Thursday, February 11, 2010

Captcha - now even the spammers use it

Like everyone I know I have a Spam filter on my email, unlike many people, some of my real mail looks a bit spammy to the filters so I always need to check my spam folder before deleting.


Over recent weeks I've noticed quite a few spam emails that contain no text at all, just a graphic like the one I'm displaying (After removing their website) -->

There's some interesting things about this spam.

  • It's absolutely minimal. The headers in the email contain almost nothing and the body of the email contains only the image.
  • There isn't even a link, which is why the image tries to get the user to manually enter the spammer's URL.
  • The image is low quality and distorted -- probably to try and defeat optical character readers.
  • It still doesn't work.
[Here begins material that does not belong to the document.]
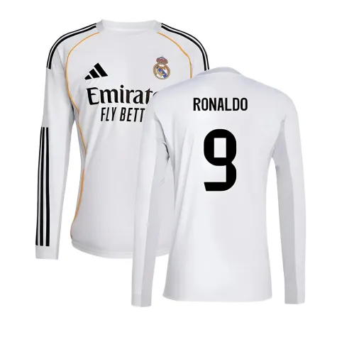 2025-2026 Real Madrid Long Sleeve Home Shirt (Ronaldo 9)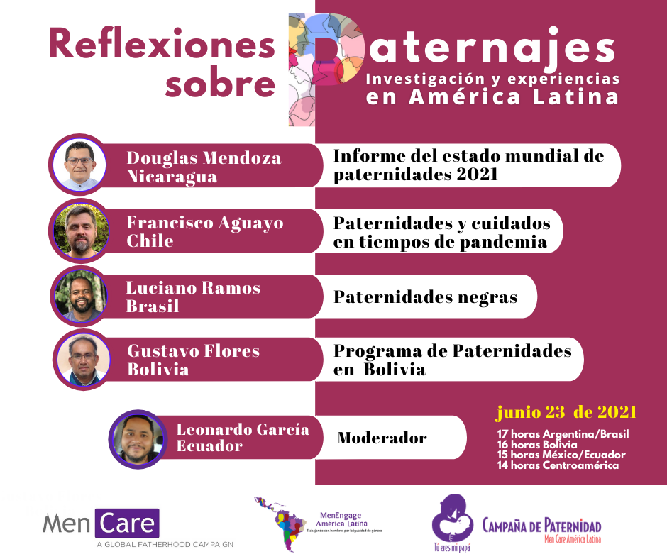 La campaña MenCare les invita al ciclo de acciones Tiempos de Paternaje en América Latina, Panel destinado a conversator sobre Reflexiones sobre paternajes: investigacoines y experiencias en América Latina.

Google's spam filter (and I assume other major filters) detect it with perfect accuracy. As they keep coming, I can only assume that sufficient minor filters don't.
The really ironic thing about this spam though is the apparent use of captcha. So many spammers use robots to leave their ads on bulletin boards, forums, blog comments and more that all these resources now make us decode distorted images (captcha) before we're allowed to leave genuine messages. Not only have the spammers worked hard to "improve" their software to defeat captcha but now they are trying to use it to defeat the guardians of our in-boxes.